To be fair, I knew next to nothing about nanomsg when I wrote these tests. Between then and now I had the opportunity to take a closer look at how nanomsg is implemented, so I guess I could rewrite some, if not all, of these tests.
So yes there is a race condition, in the test, and increasing the sleep time in the test is the right fix in my opinion. Regarding poll_works, could you send more details about the failure ?
Wouldn't the right fix add a loop that waits until the peers are ready?

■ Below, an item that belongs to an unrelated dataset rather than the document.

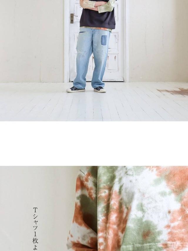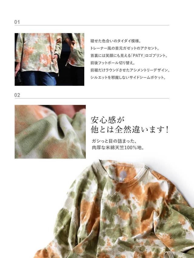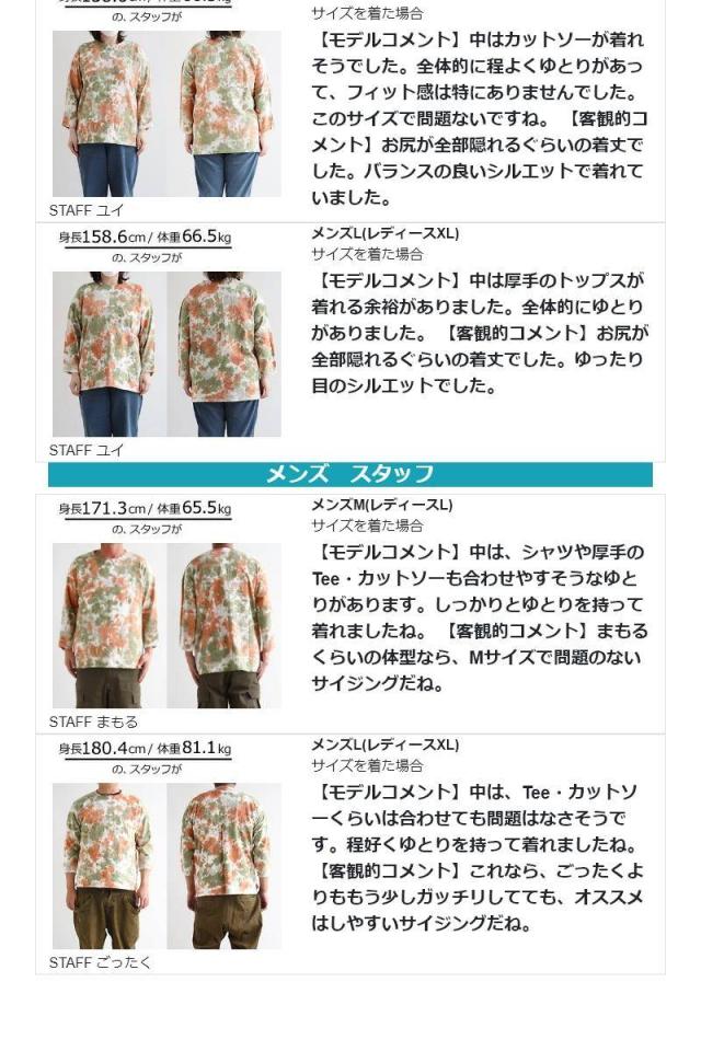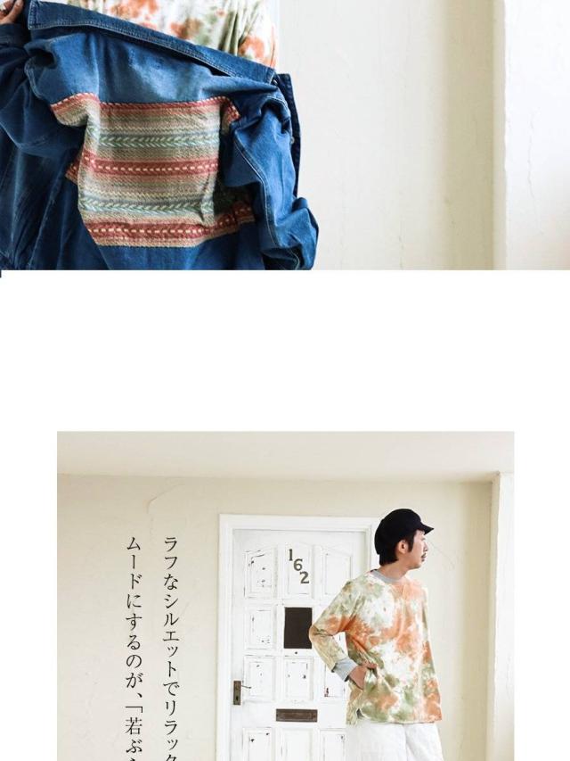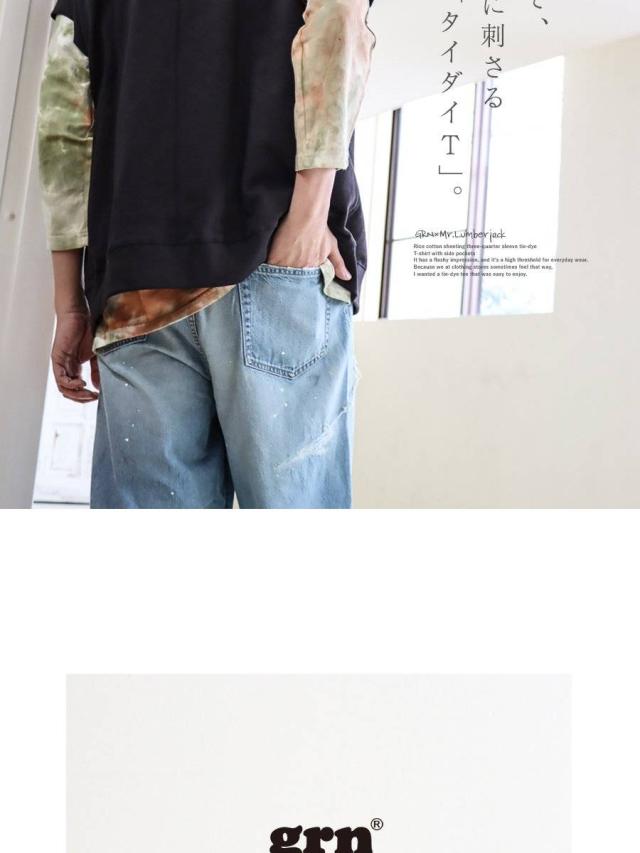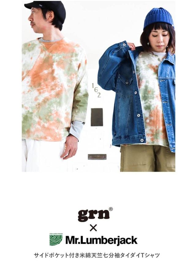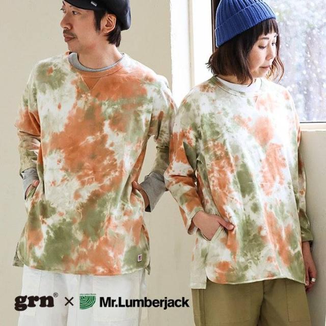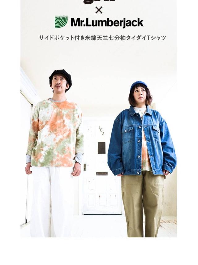【メール便50】 七分袖 tシャツ メンズ レディース カットソー タイダイ柄 トップス タイダイ ロンt 綿100% コットン USA 迷彩服 カモフラ柄 ポケット 裾 ラウンド ロング おしゃれ ゆったり プルオーバー トレーナー 風 重ね着 アウトドア PATY パティ GRN×Mr.Lumberjack
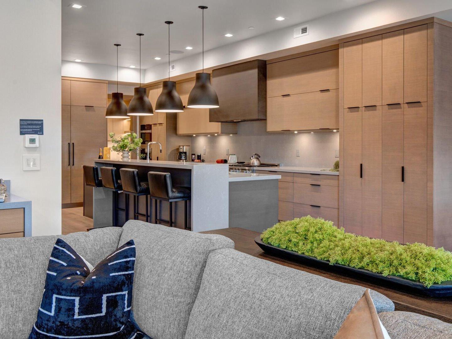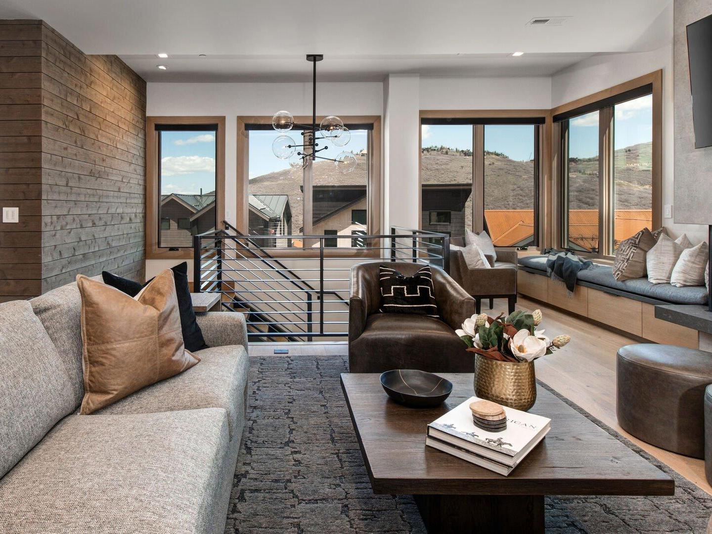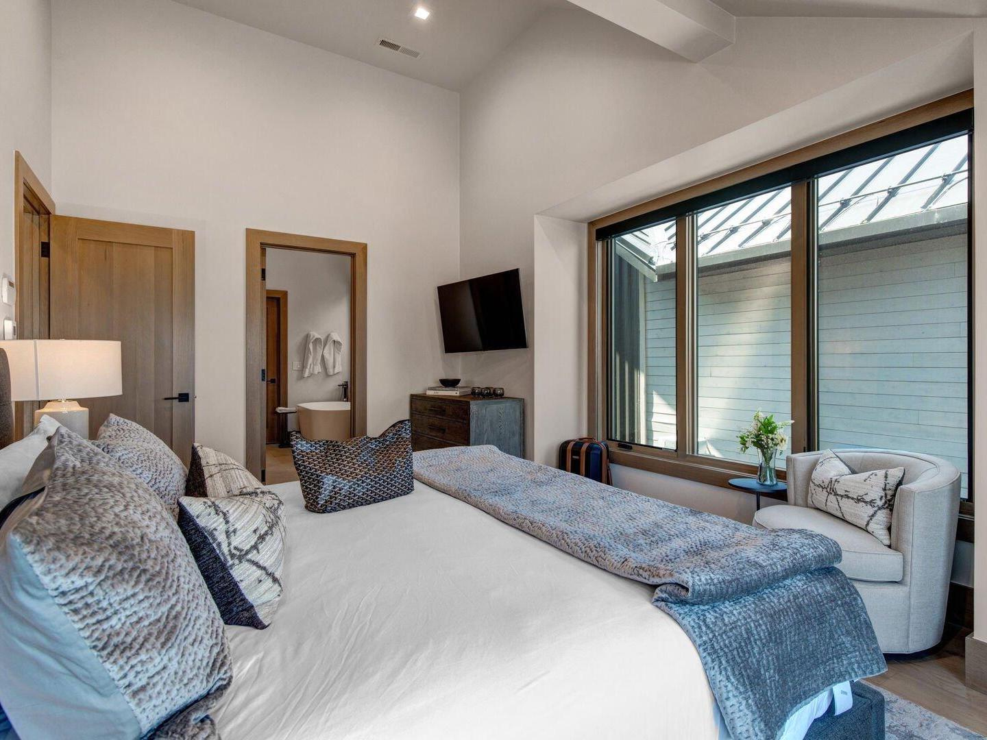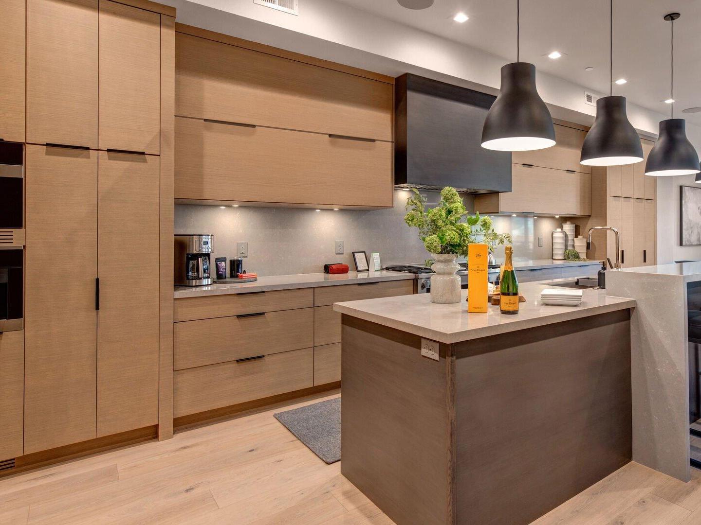 Gather, entertain, and unwind in the cozy living room of this 6-bedroom, 5-full, and 3-half bathroom contemporary mountain retreat. Comfortable furnishings are centered around a gas fireplace and wall-mounted television, with a convenient wet bar just off to the side. The adjacent dining table seats 8, while the breakfast bar offers 4 additional spots. The gourmet kitchen, with sleek cabinetry, polished-stone countertops, and high-end appliances, overlooks the dining and living areas, creating a perfect space for entertaining.

This is the backtrace of the very rare poll_works
failure:
---- tests::poll_works stdout ----
thread 'tests::poll_works' panicked at 'assertion failed: `(left == right)` (left: `true`, right: `false`)', src/lib.rs:2030
stack backtrace:
1: 0x55a535186a20 - sys::backtrace::tracing::imp::write::h578d6e47592a4041cHv
2: 0x55a5351893db - panicking::default_handler::_$u7b$$u7b$closure$u7d$$u7d$::closure.44995
3: 0x55a535188f93 - panicking::default_handler::hffa00c845e94c6581nA
4: 0x55a53517ca3c - sys_common::unwind::begin_unwind_inner::hd824946792143cc8vvu
5: 0x55a53517cec8 - sys_common::unwind::begin_unwind_fmt::h3777a045191296c5Buu
6: 0x55a5351418d3 - tests::poll_works::he3b3430f65699b50QUc
at ~/src/nanomsg.rs/<std macros>:8
7: 0x55a53515fa96 - boxed::F.FnBox<A>::call_box::h17494710956627492744
8: 0x55a53516218b - sys_common::unwind::try::try_fn::h9823696487615081863
9: 0x55a535185e1b - __rust_try
10: 0x55a53518312d - sys_common::unwind::inner_try::h8ac2089dadb4381bxsu
11: 0x55a53516250a - boxed::F.FnBox<A>::call_box::h14092234691203767508
12: 0x55a535187e89 - sys::thread::Thread::new::thread_start::hd111df90784ef3b2llz
13: 0x7f03c2aab423 - start_thread
14: 0x7f03c25d4cbc - clone
15: 0x0 - <unknown>
Sadly, I don't know how we could check from the test that nanomsg sees the peers and knows they are 'writable'.
In the poll_works
tests, I can see the same sleep time used, would increasing it to 50 ms fix the problem ?
When running the tests, only 41 out of 42 finish.